Introduction¶
populse_db is a small Python module aiming is to store and query efficiently JSON data with the following constraints:
- Storage on file system: The data must be stored on a standard file system and respect all system access rights. 
- Parallel access: Multiple processes or threads must be able to read or modify data in parallel. 

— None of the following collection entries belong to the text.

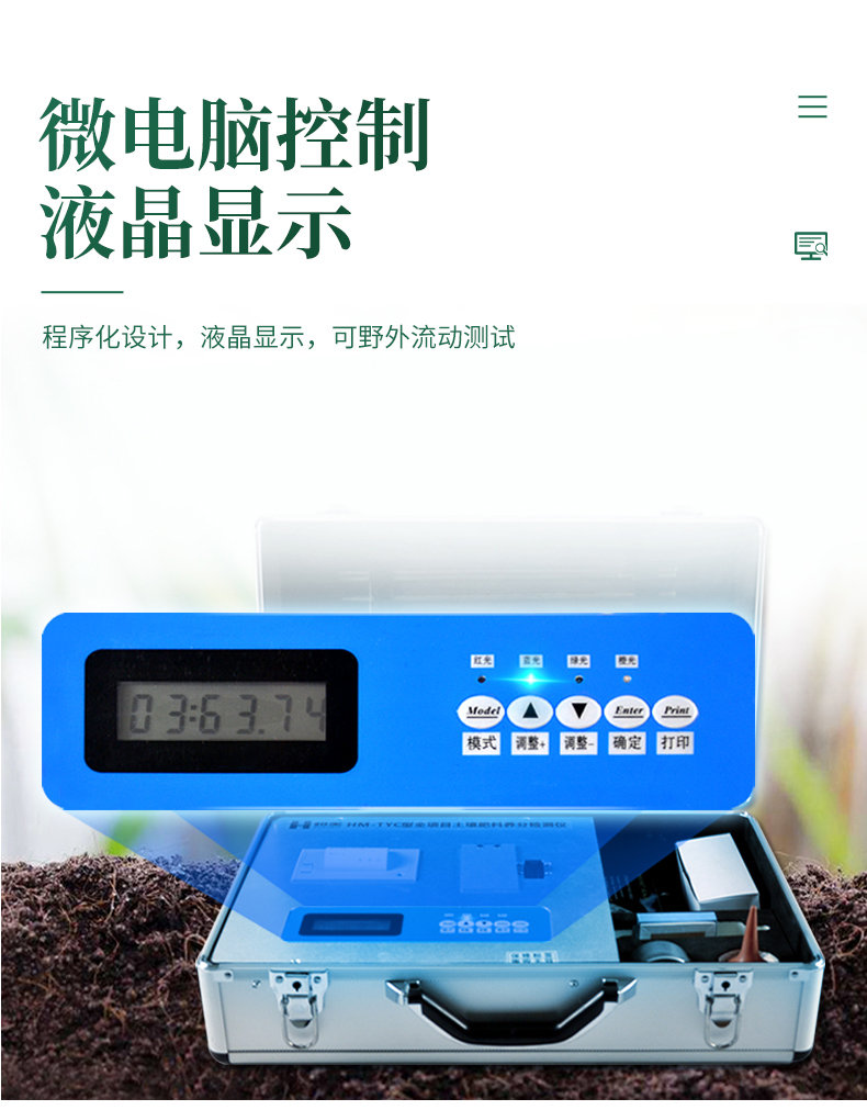 【產品簡介】一體式鋁合金機箱,液晶顯示,可檢測土壤、肥料、植株氮磷鉀、有機質(重復性誤差≤0.3%,線性誤差≤1%)
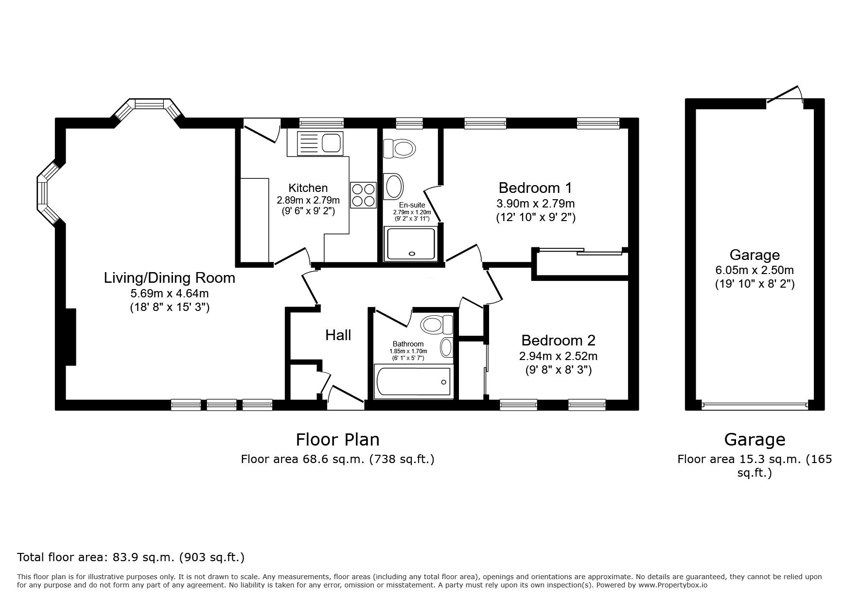 - Two bedrooms
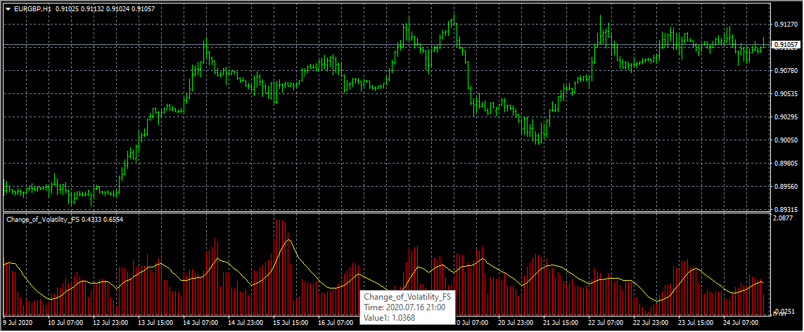 There are a lot of ways to measure volatility (changeability). One of them is calculation of the standard deviation of returns for a certain period of time. Sometimes the current volatility on a short period of time (for example, 6 days) is correlated with volatility of a larger period (for example 100 days). This indicator calculates the correlation of a short volatility Vol_short and a long volatilityVol_long. Vol_change=Vol_short/Vol_long
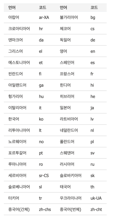 GoogleTranslate(텍스트, 출발어, 도착어)
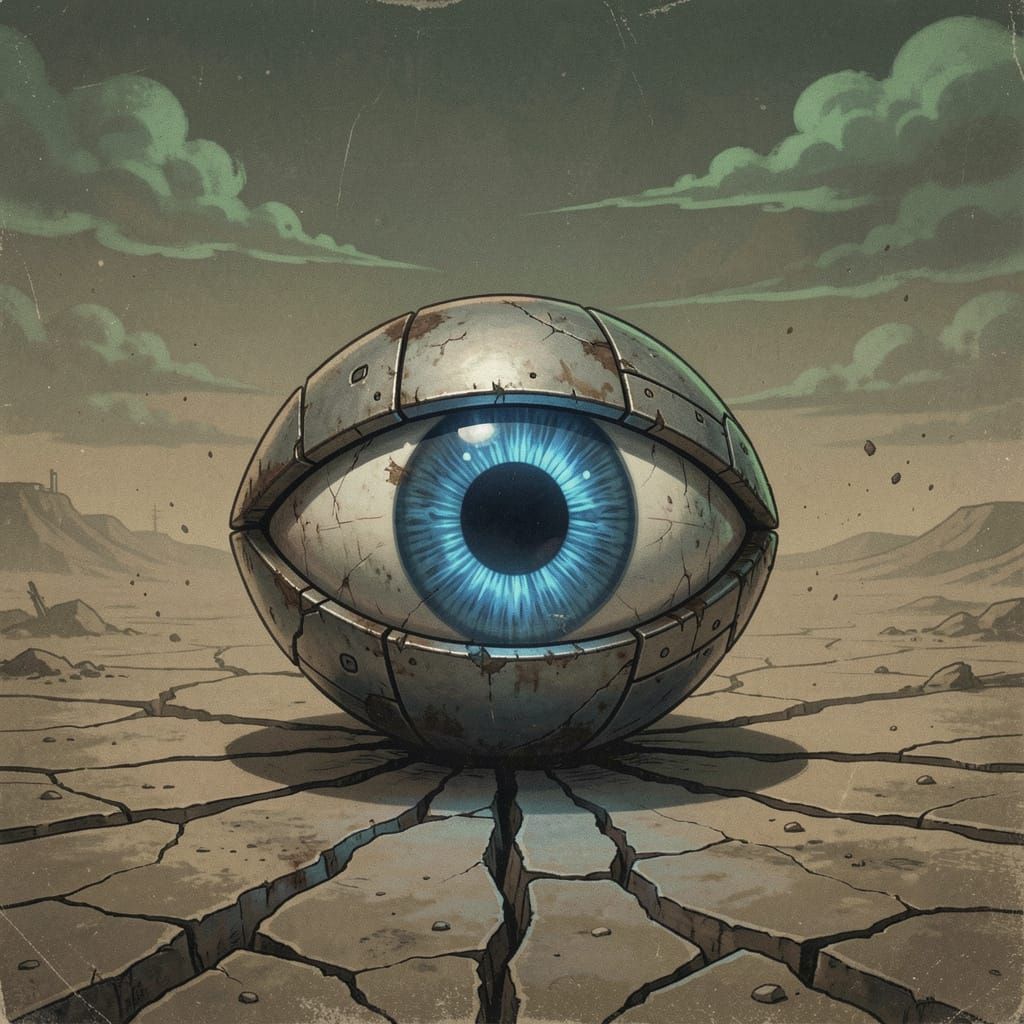 This image shows a single, distressed robotic eye glowing with blue light in a cracked, futuristic wasteland. The art style is gritty sci-fi concept art with atmospheric lighting and textured details.

- Use a few files: populse_db store data in a single file. In some environment where the number of inodes is limited, it is vital that data storage have also a reasonable limit on the number of files it produces. 
- No schema required: populse_db can be used without thinking about database schema. But it is also possible to define some pieces of schema in order to optimize query performances on some JSON attributes or to define a partitioning of the data. 
- Date and time support: populse_db support items of type datetime.time, datetime.date and datetime.datetime in JSON objects. These items are automatically encoded (resp. decoded) to (resp. from) strings using ISO format. 
- Query list elements: populse_db has a simple query language that allows to select objects by looking for items in list fields. 
- Transactions support: to ensure the consistency of the database, populse_db allows all modifications to be made within a transaction. Thus, in case of unexpected problem, the database will keep its initial state before the transaction. 
- Partitioning of JSON objects: populse_db allows to read or modify individually each stored object. But it also allows to define a partitioning of the objects offering a direct access to different parts of the same object without having to read or write the whole object (as it would be using a simple JSON file). 
populse_db offers a simple API on top of a SQLite backend that allows to respect all the requirements.
Dependencies¶
Install tools take care of all the required dependencies for you but here is a summary of what populse_db needs:
- Python >= 3.9. populse_db uses some features introduced in Python 3.9 (such as the possibility to subscript list type as in - list[str]). Therefore it can’t work with Python 3.8 or earlier releases.
- Lark-parser >= 0.7.0. 
- [optional] Sphinx allows to build the documentation from source code. 
Get started¶
Installation¶
Populse_db can be installed by standard Python tool. For instance:
pip install populse_db
The documentation is embedded in the project. However, if one needs to rebuild the documentation, use:
pip install populse_db[doc]
Basic usage¶
Populse_db is organized in collections and documents. A document is a JSON object represented by a dictionary in Python. A collection is a named container in which documents can be stored. Internally, collections corresponds to database tables and documents are stored in table rows (one document per row). But populse_db can hide this internal database stuff. The only thing user must do is to declare its collections if it uses an empty database. This is illustrated in the following example:
from datetime import date, datetime
from populse_db import Storage
from pprint import pprint
# Create a storage using a file name
storage = Storage('/tmp/populse_db.sqlite')
# Create a read/write session
with storage.session(write=True) as db:
   db.last_modified = datetime.now()
   # Store documents in the database
   db['subject'] = Storage.Collection('subject_id')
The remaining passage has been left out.